One of the software components for the project was an input filter. I wrote a MATLAB script to generate FIR (finite impulse response) filter coefficients for a desired frequency response curve. After plotting the desired transfer function magnitude of the filter in the frequency domain, performing the inverse Fourier transform of the transfer function the filter tap coefficients of the filter. FIR filters are particularly suited for this application, because they can be implemented as a series of fixed-point multiply-accumulate operations, and can be designed to have a linear phase response, minimizing audio phase distortion.
Stuff in Space is a realtime 3D visualisation of the over 15,000 tracked objects in Earth orbit, which I built during the summer after graduating from high school.
The application itself is divided into 3 parts. The main page responds to UI events, performs a linear interpolation of satellite positions in between updates, and does all of the actual WebGL drawing. One background worker receives a copy of the trajectory data, and calculates a new position and velocity for every object every 500 ms, posting the updated position and velocity vectors back to the main page. A second background worker is used to render the orbit paths that appear when the user selects an object or a group. It maintains a "work queue" of orbits to render or update. When given a new set of orbits, it calculates the object's position at 256 future points and posts its results back to the main page.
I made this 4x4x4 RGB LED cube as a side project during the fall of 2015 to learn more about PCB design, after finding out I could make 5 of these PCBs for only $12 online (if I was willing to wait a month for shipping from China). It uses three 16-channel TLC5940 LED drivers to PWM a single layer of LEDs at a time. Four p-channel MOSFETs provide a "bank-switching" function, allowing each layer to be turned on or off. Rapidly cycling through the four layers of the cube creates the illusion of control of individual LEDs.
I 3d-printed an alignment jig to solder each layer of LEDs together separately. The R, G, and B leads of each LED are stacked vertically, while the common cathode is connected sideways to the other cathodes of the LED's layer.
The fully assembled cube before trimming the leads. It's controlled by a sketchy Ebay Arduino Nano clone, and can connect via USB or UART to a computer to react to things like email notifications or weather conditions.
The first custom part I made was an RGB LED controller. It's based on an AVR microcontroller using 6 PWM outputs to control 2 pairs of RGB LEDs. I also added an audible indicator that warns when the quadcopter is armed and when the battery is low, using piezo speakers taken from old computers, driven by a 555 oscillator circuit. The board communicates with the main flight controller, receiving status data to update the LEDs and drive the buzzers based on the measured battery level and status of the R/C receiver.
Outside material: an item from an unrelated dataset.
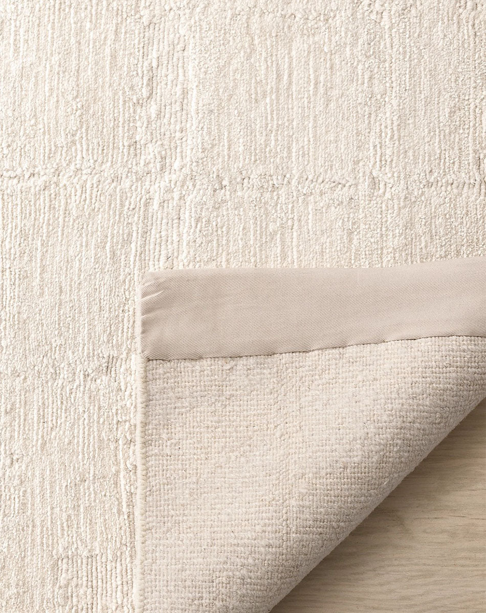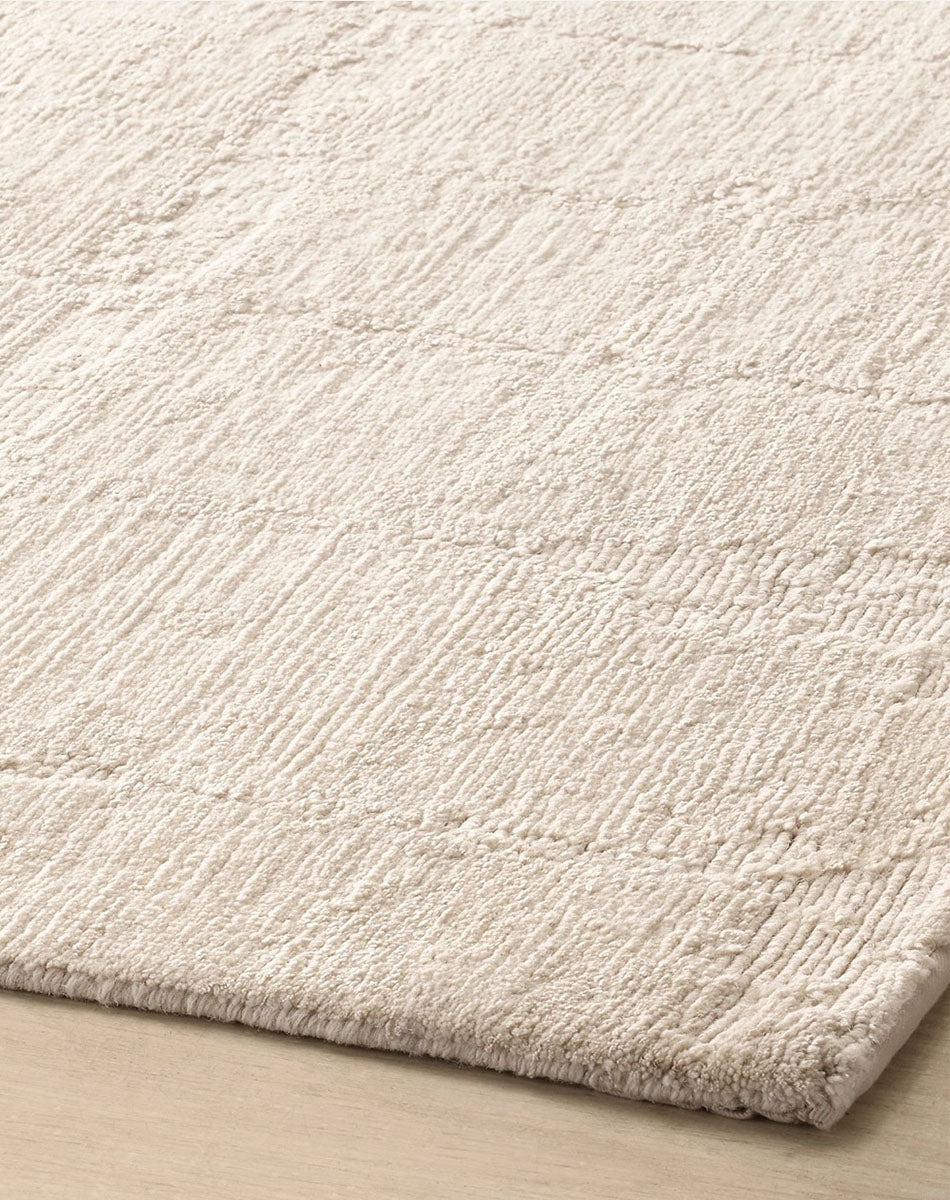 Lokesh evokes the nuanced beauty of shibori textiles in masterfully hand-knotted silk and wool, which respond to ambient light with a shifting patina of nuanced shading and luster. The yarns are spun by hand to enhance their softness and rich, textural character.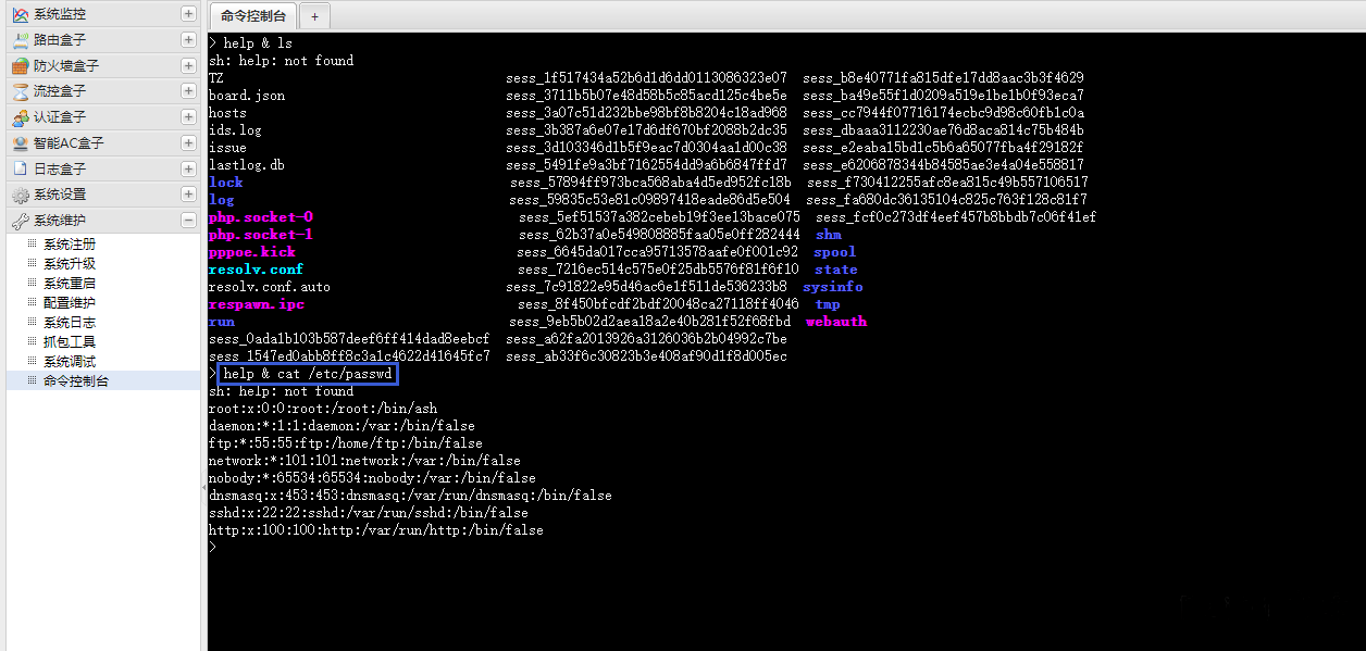 可以使用 **help & sh** 得到交互式命令写入恶意文件

The flight controller board did not have enough usable digital IO pins, so I built a board to convert 8 PWM channels from the R/C receiver into one PPM channel that could carry all of the R/C data on one digital pin. This freed up 7 digital IO pins for other uses.
I used a cheap serial telemetry module to connect the quadcopter to an Android tablet-based ground station that could display live data from the quadcopter. An app on the tablet displayed and logged live telemetry data.